When Hurricane Helene devastated parts of Appalachia in the fall of 2024, Mountain BizWorks and its partners launched the WNC Strong: Helene Business Recovery Fund nine days after the storm hit. In just eight months, the fund deployed $40 million in low-interest loans to businesses in Western North Carolina.
“We knew that getting access to quick capital was going to be a lifeline for our small businesses,” says Christine Laucher with Mountain BizWorks.
Laucher’s team worked with other partners to create WNC Strong as a one-stop shop for businesses to find recovery resources, including the recently launched Rural Rebuilding Together Grant Fund, which offers up to $25,000 in grant funding to impacted businesses in five small towns.
“It takes banks a really long time to set up new capital products, and they are often implemented with such rigor and inflexibility that it’s just not quite the right tool for post-disaster times,” says Laucher. “CDFIs are able to be much more nimble and flexible and were created to operate within the capital gap. When a disaster like this occurs, it creates a new gap that needs to be addressed.”
What’s next for the CDFI Fund?
“There’s more bipartisan support for CDFIs right now than at any time in my memory,” says Grady Vanderhoofven, president and CEO of Three Roots Capital, a CDFI based in Knoxville, Tennessee.
After weeks of speculation, the Trump administration sent its discretionary budget request to Congress on May 2 with specific recommendations for the federal CDFI Fund. While not the first time a presidential administration has requested significant changes to the agency, the budget’s language spells the potential for massive changes in the CDFI industry.
One change involves eliminating $291 million in CDFI Fund discretionary awards because, according to the budget language, “past awards may have made race a determinant of access to loan programs to ‘advance racial equity,’” and “funded products and services that built so-called ‘climate resiliency.’” It also implies that the CDFI industry should be “self-sustaining,” which could target CDFIs that rely primarily on grant dollars for “riskier” lending, like small-dollar consumer loans.

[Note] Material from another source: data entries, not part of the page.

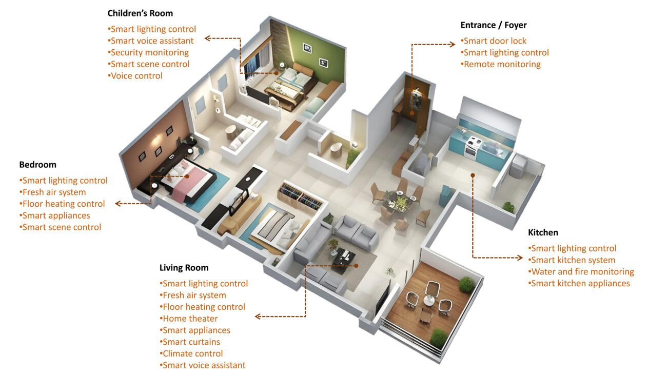 The integrated smart home system connects all devices throughout the house to enable voice and remote control, intelligent security, energy optimization, and adaptive scene settings—enhancing convenience, safety, and overall quality of life.
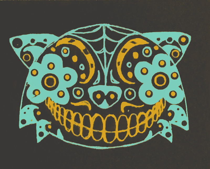 Tiny prints of bear and cat sugar skulls. Comes as a set.
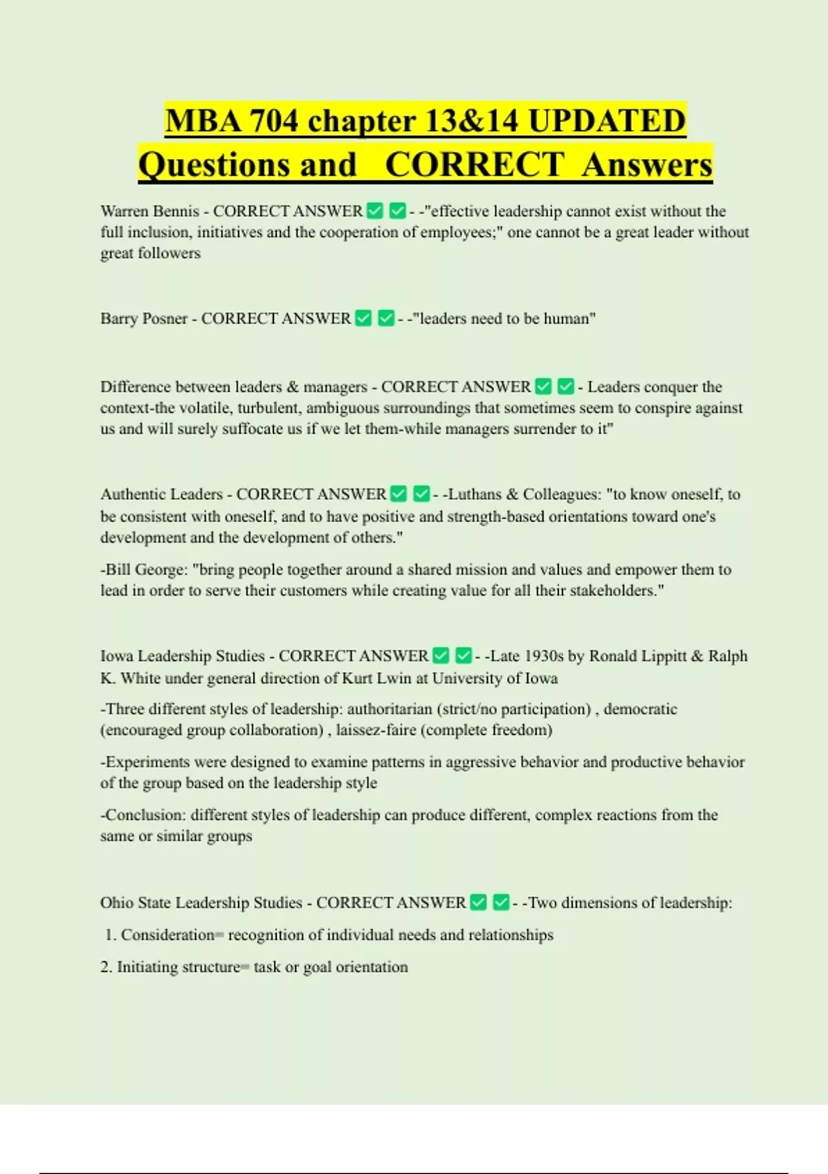 MBA 704 chapter 13&14 UPDATED Questions and CORRECT Answers Warren Bennis - CORRECT ANSWER - -"effective leadership cannot exist without the full inclusion, initiatives and the cooperation of employees;" one cannot be a great leader without great followers Barry Posner - CORRECT ANSWER - -"leaders need to be human"
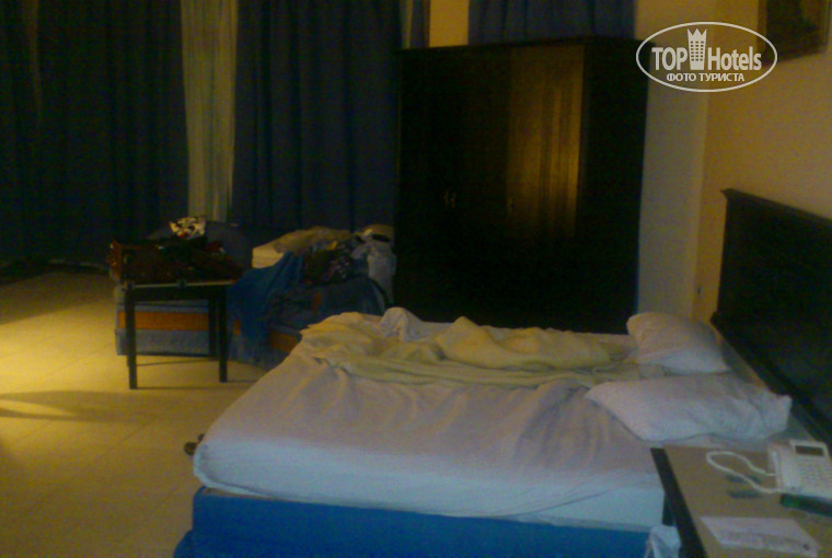 Напишу не много.При заселении попросили денег за хороший номер.На утро позвонили и напомнили что за номер надо поблагодарить-а к вечеру вообще возмутились-ШЕРИФ( так его звали) ждет а благодарности нет-отдали 10 баксов шоколадку чтоб отстал-номер плохой. Друзьям дали номер с большой ванной но без окна-окно у них было в двери(кондишь там работал с перебоями) Нам дали большой номер с двумя большими кроватями и окно во все три стены(закрытые шторами- единственное что понравилось)остальное -матрац одна яма большая скатываешься в середину,постельное белье серого цвета не меняли вообще.ванна-дверь ее при открытии упиралась в унитаз и чтобы пройти дальше надо закрыть- не пролезть потому что, перед лицом раковина. душа нет- там ванна не закрывается даже шторкой и вся вода льется на пол и не куда не девается нету там дырочки.бросаешь полотенце чтобы впитать воду. розетки вываливаются и не работают некоторые. Рядом идет стройка и мусор не прикрыт от этого вид не очень.Тут одни минусы...
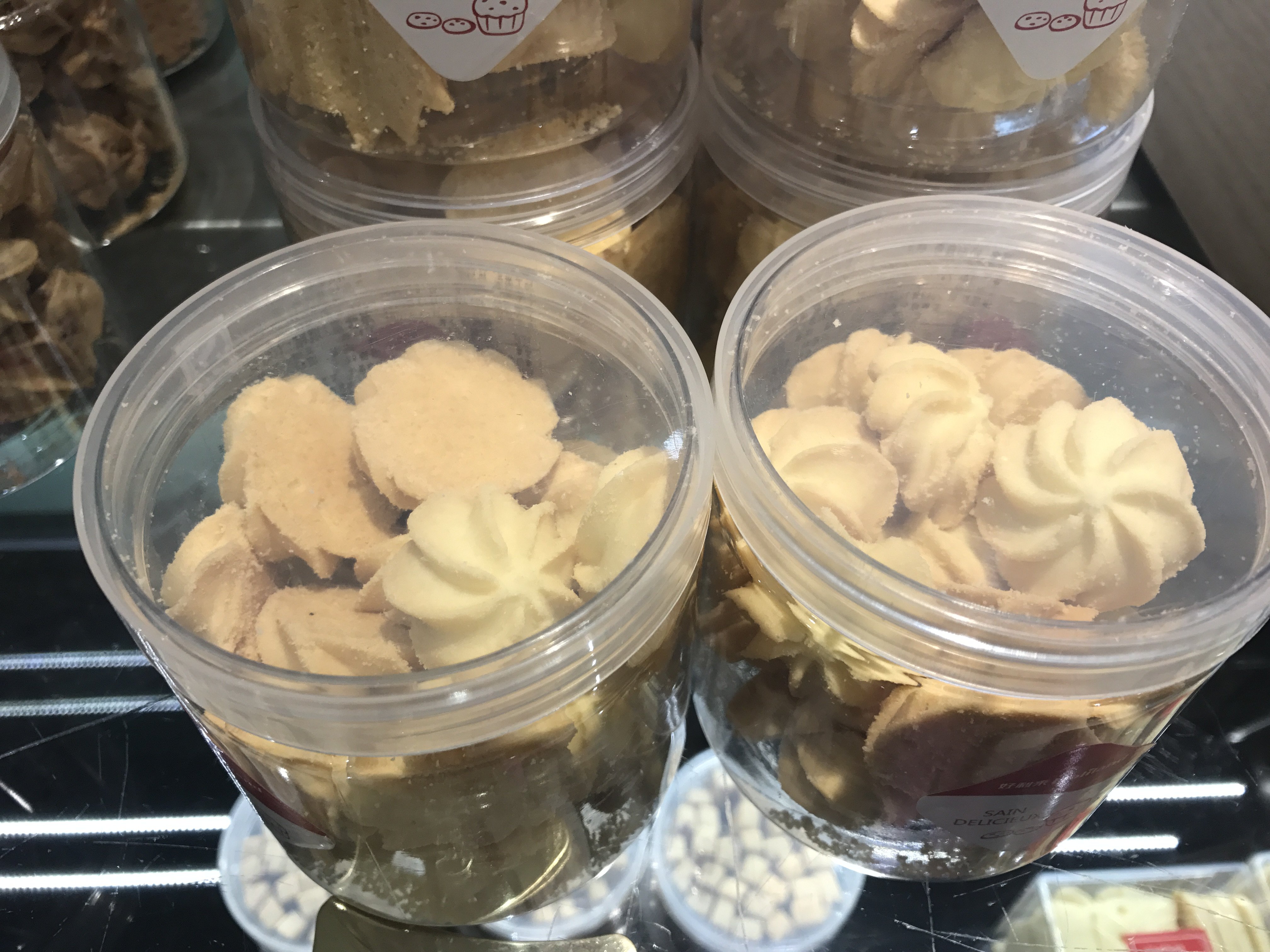 【食物品鉴】面包种类很丰富,看的出是早上新鲜出炉的,还透着一股烤箱中特有的香味和热气,同时还有源源不断的各式面包刚刚出炉上架,让人油然生出一股幸福感,靠近玻璃窗的位置摆放的是各式曲奇和饼干,小盒子看起来都很漂亮,饼干和曲奇的样子也非常诱人,花生甜心上面布满了花生碎,每一口咬下去都是酥酥脆脆的感觉。
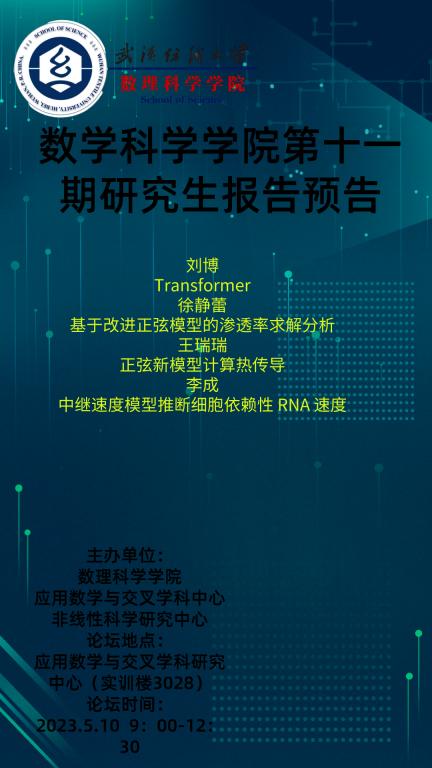 学术预告:第305期研究生学术论坛暨数理科学学院2023年第11期研究生学术论坛

Another alteration suggests creating a $100 million Rural Financial Award Program that would require 60% of CDFI loans and investments to go to rural areas.
“I think that the CDFI industry is going to get smaller,” predicts Vanderhoofven, suggesting that the final budget will be somewhere between where the CDFI Fund sits today and what the administration is requesting.
But ultimately, he says, it will “come down to what Congress decides to fund.”
Before these announcements, Redbud was working on a $1.1 million grant application, of which a significant portion would be directed to its work in counties with persistent poverty.
“That would be almost game-changing, organization-changing money for us,” says Redbud’s Managing Director Caudill. “But if the CDFI Fund is not there, where do we get the next $200,000? And then on top of that, it’s not going to be a grant, typically, so we’re going to have obligations to pay that money back.”
Despite the current uncertainty, Caudill firmly believes the work of CDFIs is “invaluable.”
“CDFIs are necessary,” Caudill continues. “If we want to make our rural communities better, then we’re a pivotal part and cog in that wheel of making it happen.”